Aaron's son-in-law was Yehuda Meir Lambert, who succeeded him as Chief Rabbi of Metz and opened a rabbinic school in the city and was a fierce opponent against Reform Judaism.

So greatly was Worms influenced by the French Revolution that he even dressed himself in the uniform of the National Guard and, to accord with military regulation, removed his beard. Aaron fully realized that the Jews, in receiving rights, had also duties to fulfil; and in a sermon preached during the Revolutionary period, he strongly rebuked the Jews for their aversion to handicrafts, and, as an example for them, apprenticed his son Elijah to an artisan. As a member of the Grand Sanhedrin convened by Napoleon, he delivered an impressive address on the "Relations of the Jews to Non-Jews according to Rabbinic Law," in which he demonstrated that the Talmudic opinions concerning the heathen should not be used as guides in the regulation of practical life under the conditions that existed then. Again, in purely Jewish affairs, in questions concerning rites and ceremonies, he showed himself remarkably broad-minded. Upon the occasion of his taking the oath as chief rabbi, administered by the government officials, his hat was handed him to cover himself. He refused it with a smile, saying: "God does not wish to impose upon us the duty of approaching Him bareheaded; but if we do so voluntarily, so much the better!" This cannot be regarded simply as a bon mot; for he did not hesitate publicly to declare himself in accord with the reform tendencies which were then beginning to force their way into the synagogue.

==Reform tendencies==
Worms was perhaps the only conservative rabbi of that period who expressed the opinion that it was better to pray in the vernacular than to mutter Hebrew prayers without understanding their meaning. On this ground, he refused to join the agitation against the reforms of the Hamburg Temple. His insight into the necessity of a reform in divine service is further shown by his protest against the custom of interrupting the ritual prayers by the insertion of piyyuṭim, of whose authors he often spoke derisively. Such a man could not be a friend of superstitious customs, and he made a vigorous stand against them. He looked also with a critical eye upon other customs which he did not regard as obligatory on the mere ground of usage, and more than once he remarked, with an undertone of bitterness, that Moses Isserles (the ReMA) desired to force all Jewry under the yoke of Polish customs; but he saw no reason why German and French Jews should yield.

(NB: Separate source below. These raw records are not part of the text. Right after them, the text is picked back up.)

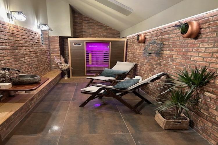 Parterre: (offene Küche(Wasserkocher, Toaster, Kochherd(4 Kochplatten, elektrisch), Kaffeemaschine, Backofen, Mikrowelle, Kühl-/Gefrierkombination), Wohn/Esszimmer(Doppelschlafcouch(140 x 200 cm), TV(Flatscreen), Esstisch(5 Personen), Kaminofen), Badezimmer(Dusche, Waschbecken, Toilette, Föhn), Heizung, Bügeleisen) In der 1. Etage: (Eingangshalle(Klimaanlage), Schlafzimmer(Doppelbett(160 x 200 cm)), Schlafzimmer(Einzelbett(90 x 200 cm), Balkon), Toilette(Waschbecken, Toilette)) Whirlwanne, Sauna(alleinige Nutzung), Terrasse(alleinige Nutzung, 50 m2), Garten(alleinige Nutzung, umzäunt, angelegt, illuminiert, 600 m2), Gartenmöbel, Grill, Parkplatz, Gartenlounge
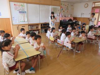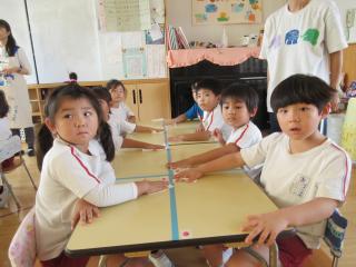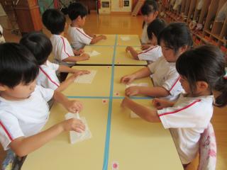 ホーム 花王手洗い教室 年中 花王手洗い教室 年中 2025年09月19日 お空で「よーこ」「たーて」を順番にやって、机を拭く練習中! 机を拭くシートを、自分の手の大きさに合わせて折るよ プロジェクターの映像に合わせて、拭いてみよう! 歌に合わせて、手洗い練習をしたよ
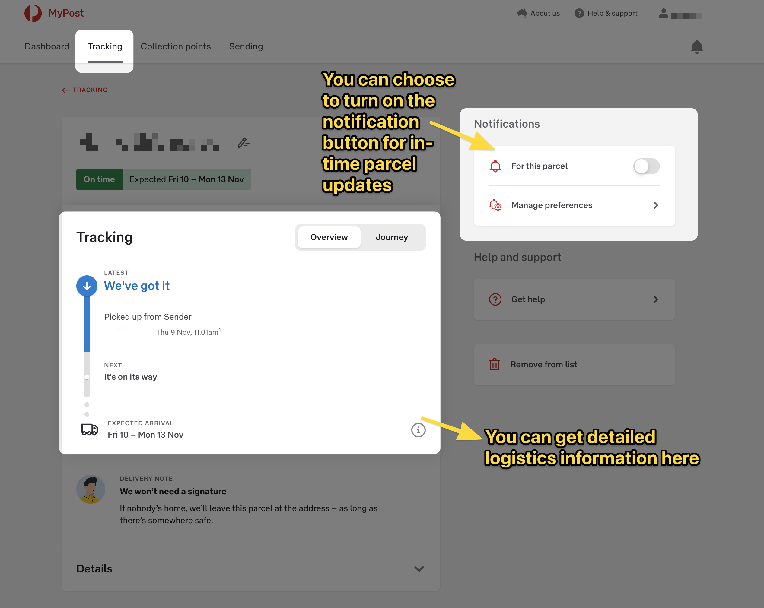 - 或者,访问澳大利亚邮政官方网站或使用其MyPost帐户了解详细信息跟踪和通知。
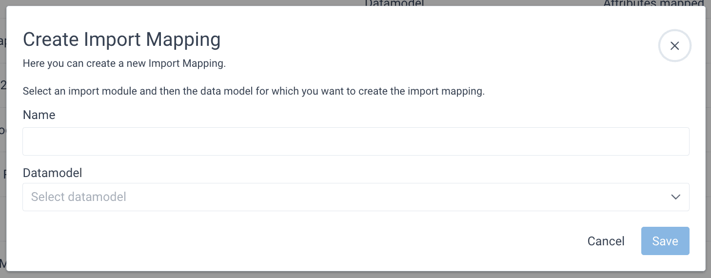 - From the Datamodel drop-down menu, select a data model with which you want to map attributes from your imports.
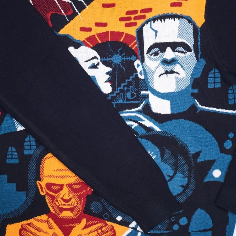 Looking to add that extra fear factor to your Halloween? Say no moreβthis cool jumper does the job! Keep in good company this Halloween as this spooky high-quality sweater features the most iconic group of monsters: Frankensteinβs creature, a Mummy, a Creature from the Black Lagoon, and Frankenstein’s wife. This jumper is sure to make you the talk of any Halloween party you attend!
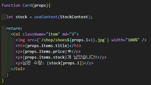 Card 컴포넌트에서 받아서 stock이라는 변수로 그대로 사용할 수 있게 되었슙니당~
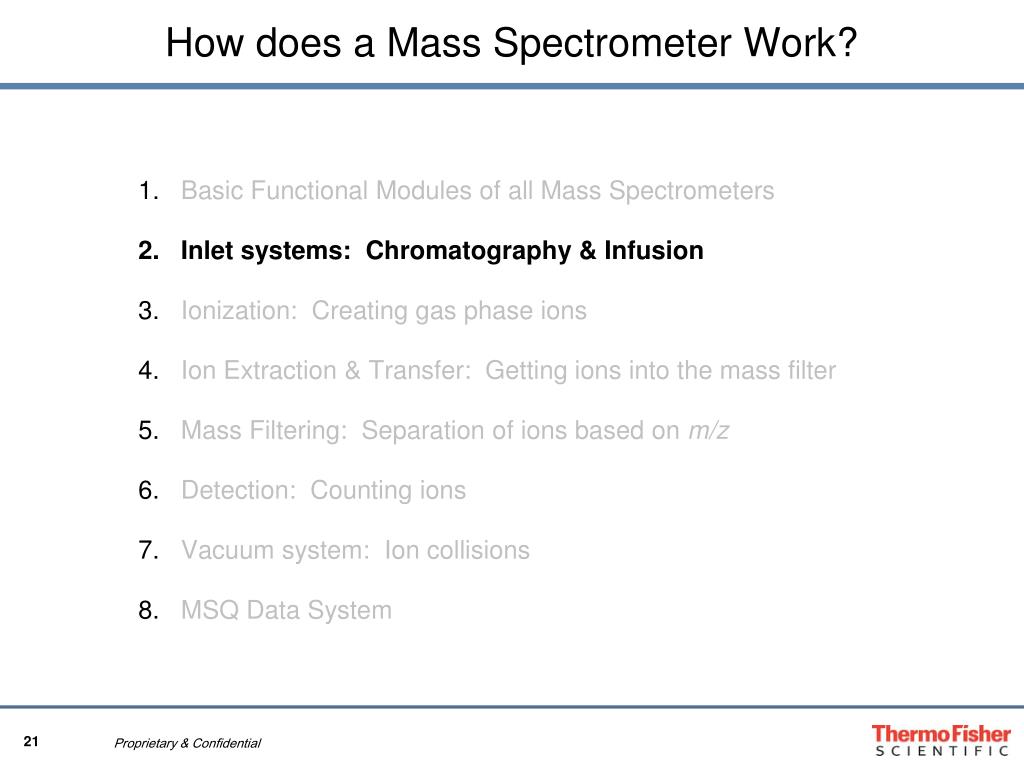 How does a Mass Spectrometer Work? • Basic Functional Modules of all Mass Spectrometers – Overview. • Inlet systems: Chromatography & Infusion • Ionization: Creating gas phase ions • Ion Extraction & Transfer: Getting ions into the mass filter • Mass Filtering: Separation of ions based on m/z • Detection: Counting ions • Vacuum system: Ion collisions • MSQ Data System
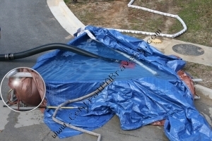 Secure 3 roof ladders with their hooks and some rope and throw a salvage cover over top.
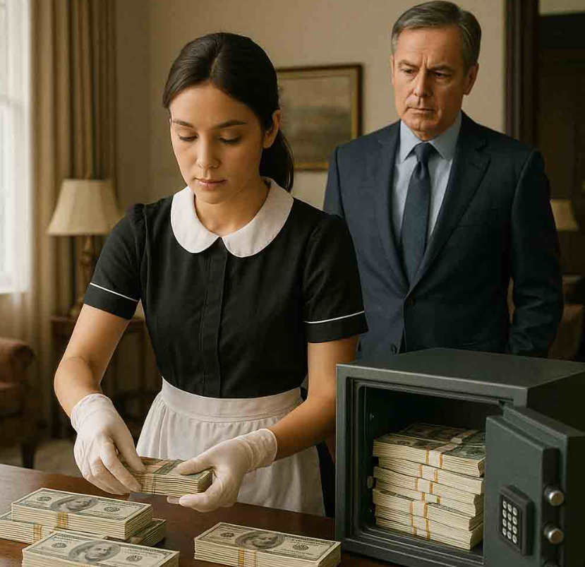 Clara hesitated. “Maybe he forgot,” she murmured to herself. Slowly, she stepped closer to the safe—not greedily, but carefully, like she was afraid of even breathing too hard near it. She looked at the stacks of money and whispered, “This could fix everything.”
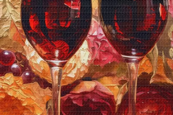 Ronde schilderijen Stilleven met glazen wijn Nr r37565
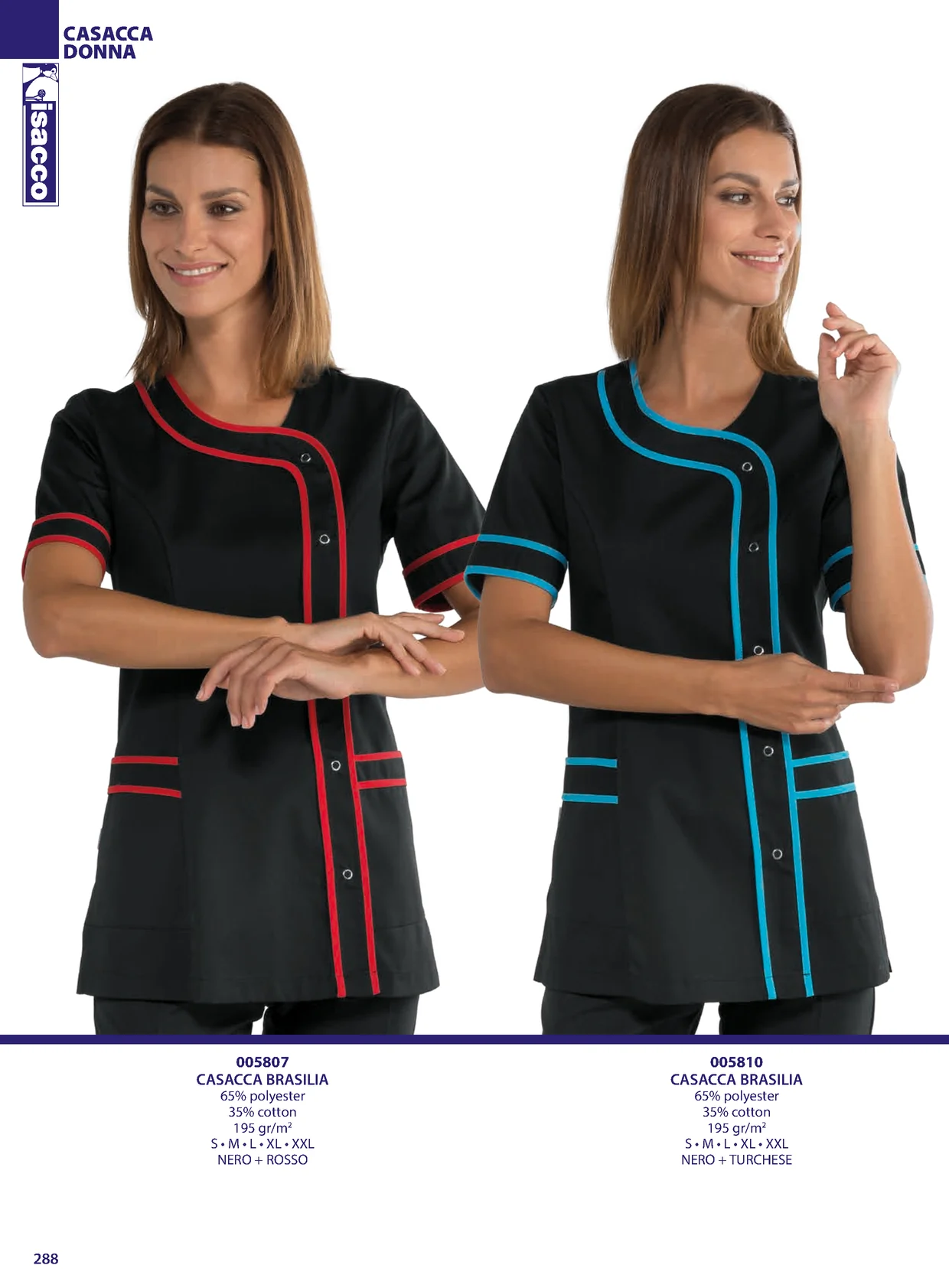 CASACCA DONNA 005807 005810 CASACCA BRASILIA CASACCA BRASILIA 65% polyester 65% polyester 35% cotton 35% cotton 195 gr/m2 195 gr/m2 S • M • L • XL • XXL S • M • L • XL • XXL NERO + ROSSO NERO + TURCHESE 288
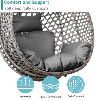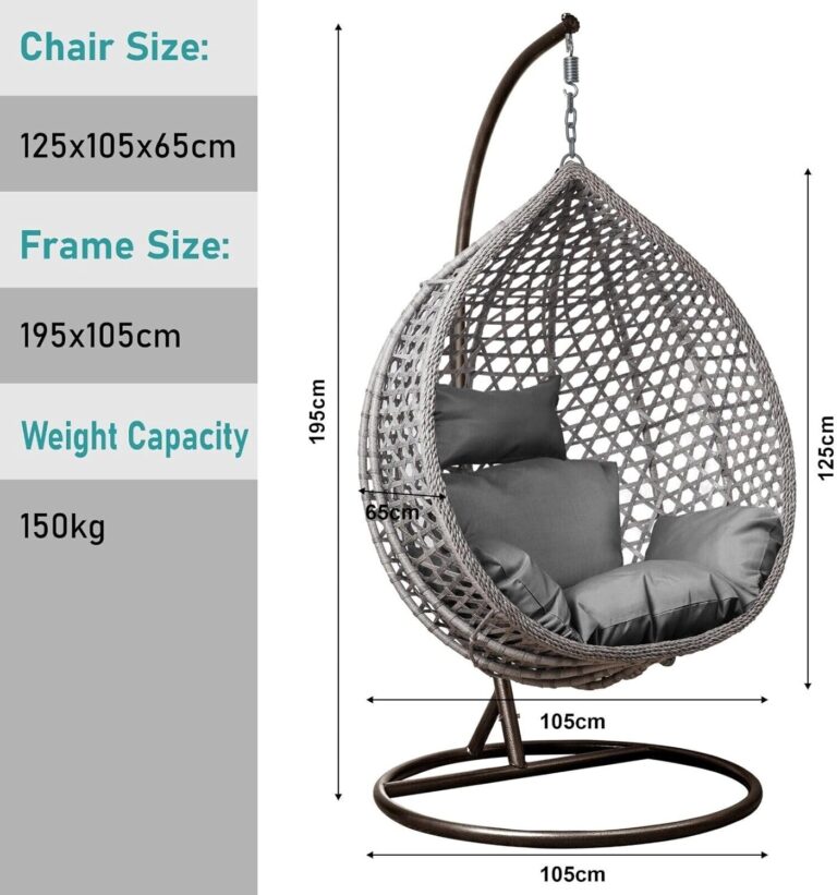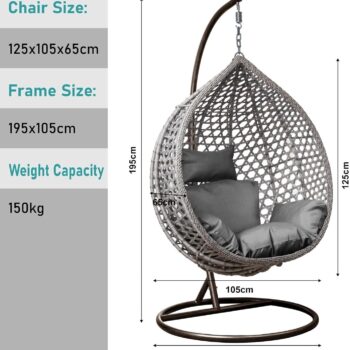 SPROSTITEV V STILU! Viseči fotelj Cocoon Archipelago siv Izdelan in zasnovan za ljudi, ki cenijo udobje in kakovost. Dimenzije fotelja (sedežnega dela): 125x105x65 cm Skupne dimenzije visečega fotelja: 195×105 cm Največja obremenitev 150 kg Udobne in mehke blazine Stabilno, okroglo, jekleno podnožje s profiliranimi okvirji Hitra montaža v samo nekaj minutah Varno zapakirano Popolno za vrt, teraso ali celo dnevno sobo. Material košare: sintetični ratan ZAKAJ IZBRATI NAŠ VISEČI FOLTER COCOON? Ponujamo jih že skoraj 10 let. Viseči fotelj Cocoon je prava kombinacija dobrega stila, odličnega dizajna in ergonomije. Popolnoma se prilega terasi, balkonu ali kateri koli zunanjosti ali celo notranjosti. Zahvaljujoč svojim lastnostim je idealen za otroke, najstnike in odrasle. Preverjena kakovost! Masivne in udobne blazine s prevleko. Ojačan kavelj za sedež z robustno verigo. Globina košare naredi viseči fotelj Cocoon zelo udoben in estetsko privlačen. Elementi, ki stabilizirajo strukturo, zagotavljajo varnost in udobje uporabe. Easter2025 cistimoskladiste25

In an article in the 2010 edition of the journal Yerushaseinu, it has been argued vehemently that Worms in no way a supporter of reform and instead was an ardent supporter of preserving custom and halacha as is evident throughout his works, and instead was the subject of slander after his death. As for opposition to Isserles' rulings, German and French rabbinic authorities for centuries were opposed to changing their customs to that of the ReMA, as the German and French Jewish customs long preceded him and were primarily based on the rulings of the Ashkenazic Rishonim. As for wanting to remove some of the piyutim, Aaron was hardly the first rabbi in favor of doing so, and by the 1800s most of Polish Jewry had stopped saying piyutim except on the High Holidays, and the question of interrupting the prayers with piyutim was hardly a new one. As for questioning certain customs, Aaron was certainly not the first rabbinic source to do so. He felt that some of the customs were superstitious had no source in the Talmud and ran counter to Jewish behavior. Each of the customs he questions were similarly questioned by other authorities. A biography of Worms is found in the Chida's work Shem Hagedolim, who avoided entries on anyone of questionable character or one straying from "Orthodox" Judaism.

Aaron was the author of "Meore Or" (Flashes of Light), Metz, 1789-1830. This work, published anonymously (the author modestly limiting himself to a mere suggestion of his name), is the only one of its kind. It contains critical remarks as well as comments on most of the treatises of the Talmud and on a considerable part of the "Oraḥ Ḥayyim" section of the Shulchan Aruch, which exhibit a thoroughly scientific spirit as well as an extraordinary acumen. A Christian admirer of Worms said that half of that work would be sufficient to open the gates of any European academy to its author. In addition to this, Worms published short notes on the Machzor and the Passover Haggadah (Metz editions). With the exception of a Bible commentary which has not been published, Aaron's other numerous manuscripts were destroyed in compliance with his wishes as expressed in his will.